C3W3 Lab RL why setting an adam optimizer while only updating gradients?

Francis60 · March 30, 2024, 10:02am

Hello,

I managed to get “C3_W3_A1_Assignment.ipynb” to work locally.

I read the lesson again and the code. And I wonder why setting a specific adam optimizer while only updating gradients afterward?
Any optimizer would not work as well as far as we don’t run any optimization with it in the whole code?
Or maybe I missed something hidden in the other files.
Or something I missunderstood?

Best regards,

Francis

rmwkwok · March 30, 2024, 1:24pm

Hey @Francis60,

The Adam optimizer did its part in the agent_learn function when we called its apply_gradient method. If we didn’t have this line of code, no weight update would have happened to the Q network.

Cheers,
Raymond

Francis60 · March 30, 2024, 5:04pm

I’m not sure whether I fully detailed my question.

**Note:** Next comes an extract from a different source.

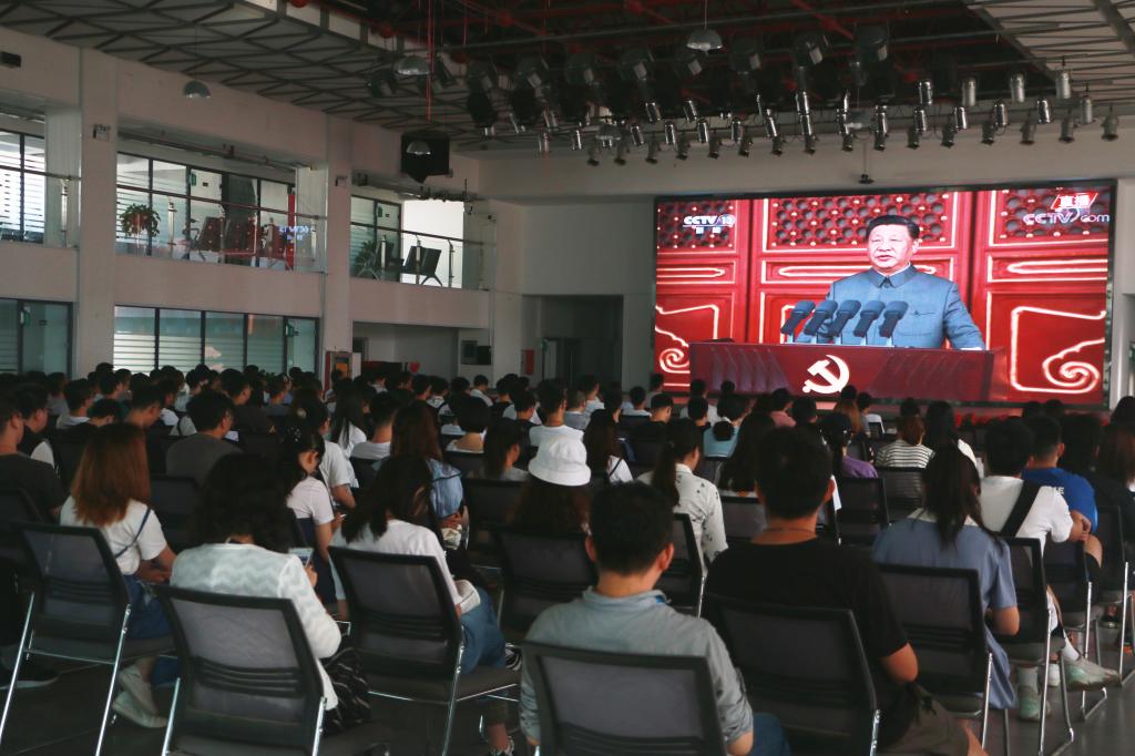 外语学院2019级外国语言学及应用语言学研究生代表、预备党员赵斐说,作为新时代青年,我们要练就过硬的本领,勇担时代重任。以中华民族伟大复兴为己仁,不负韶华,不负党和人民的殷切期望。祝福中国共产党生日快乐。材料学院2020级材料加工工程专业研究生党员代表马科说,我们将接好历史的接力棒,继续发扬党的优良传统,为实现中华民族伟大复兴奉献自己的力量。能动学院2020级机械电子工程专业研究生代表任禄说,观看了庆祝中国共产党成立100周年大会令我心潮澎湃、斗志昂扬。100年前的中国处在水深火热之中,100年后的中国国富民强。我坚信在中国共产党的正确领导下,中华民族伟大复兴中国梦一定能够实现!经管学院19级会计专业研究生党员代表行少栋说,感谢、感激、感恩中国共产党,建党百年,祝伟大的中国共产党万岁,伟大的中国人民万岁。请党放心,强国有我!

In the code I don’t see any of those:

model.compile(
model.fit(

to explicitly call the model adjustment.

I tried with a different optimizer (basic gradient descent):

optimizer = SGD(learning_rate=ALPHA)
# optimizer = Adam(learning_rate=ALPHA)

SGD : solved in 913 episodes! Total Runtime: 20.61 min
Adam: solved in 596 episodes! Total Runtime: 14.17 min
(I have a 16-gig cpu)

So what I understand is that this:

optimizer.apply_gradients(zip(gradients, q_network.trainable_variables))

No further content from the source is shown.